Kein Divinity, kein Wasteland...


----------



## Batze (27. Mai 2015)

Bei DeusEx bin ich da nicht so sicher, weil ich es(noch) nicht gespielt habe. 
Aber Diablo 3 passt in diese Auflistung ja wohl gar nicht rein.
Auch als Fan von Diablo 3 muss ich sagen, nur weil es eine kleine Mini Story hat, ist es noch lange kein Rollen Spiel das mit solchen Schwergewichten wie weiter oben genannt verglichen werden kann/sollte.
Da spielt Diablo in einem anderem Genre.

PS:


TheBobnextDoor schrieb:


> Kein Divinity, kein Wasteland...


Die Liste ist eh sehr dürftig, wie immer bei solchen Aufzählungen. 
Soll eben noch die momentane Welle mitnehmen und Klicks generieren, was ja auch funktioniert.


----------



## Matthias Dammes (27. Mai 2015)

Batze schrieb:


> Auch als Fan von Diablo 3 muss ich sagen, nur weil es eine kleine Mini Story hat, ist es noch lange kein Rollen Spiel das mit solchen Schwergewichten wie weiter oben genannt verglichen werden kann/sollte.
> Da spielt Diablo in einem anderem Genre.

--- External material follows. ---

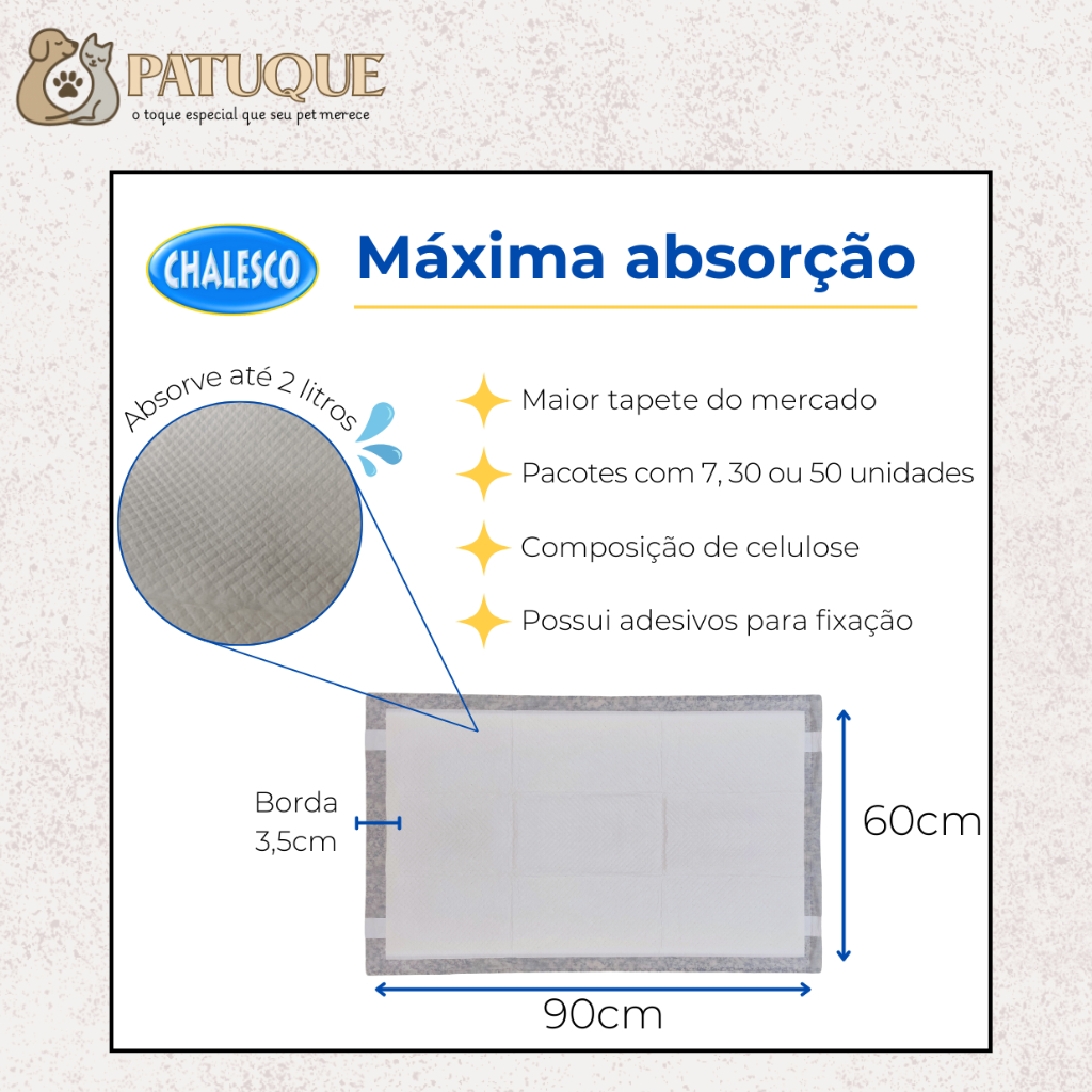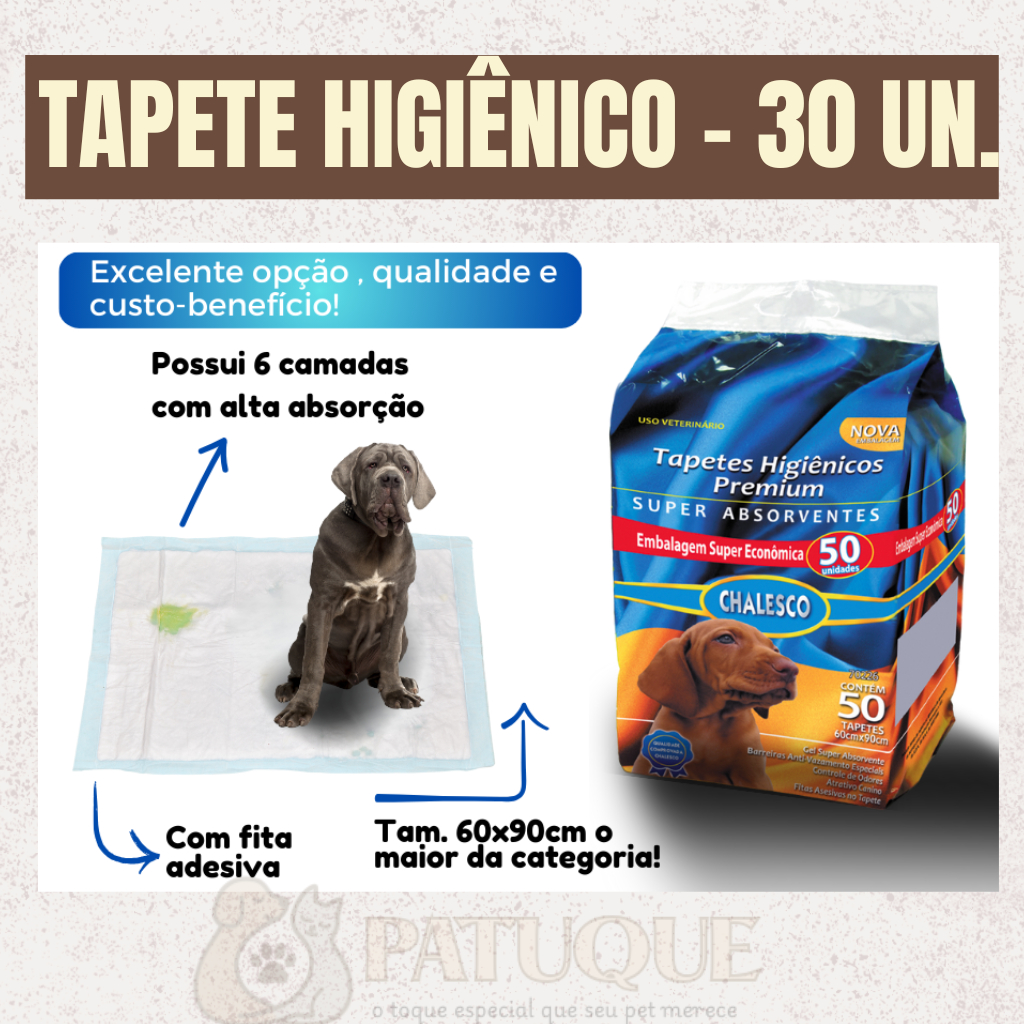 Tapete Higienico Premium 60x90cm 30 Unidades Medio Chalesco Super Absorvente

Unter den großen Überbegriff der Rollenspiele gehören nun einmal auch Action-Rollenspiele.
Und mit der Charakterentwicklung und der Beutejagd bietet Diablo 3 mehr Rollenspiel-Elemente, also so manch anderes richtiges RPG, auch wenn es im Vergleich zum Vorgänger schon weniger geworden ist.



Batze schrieb:


> Die Liste ist eh sehr dürftig, wie immer bei solchen Aufzählungen.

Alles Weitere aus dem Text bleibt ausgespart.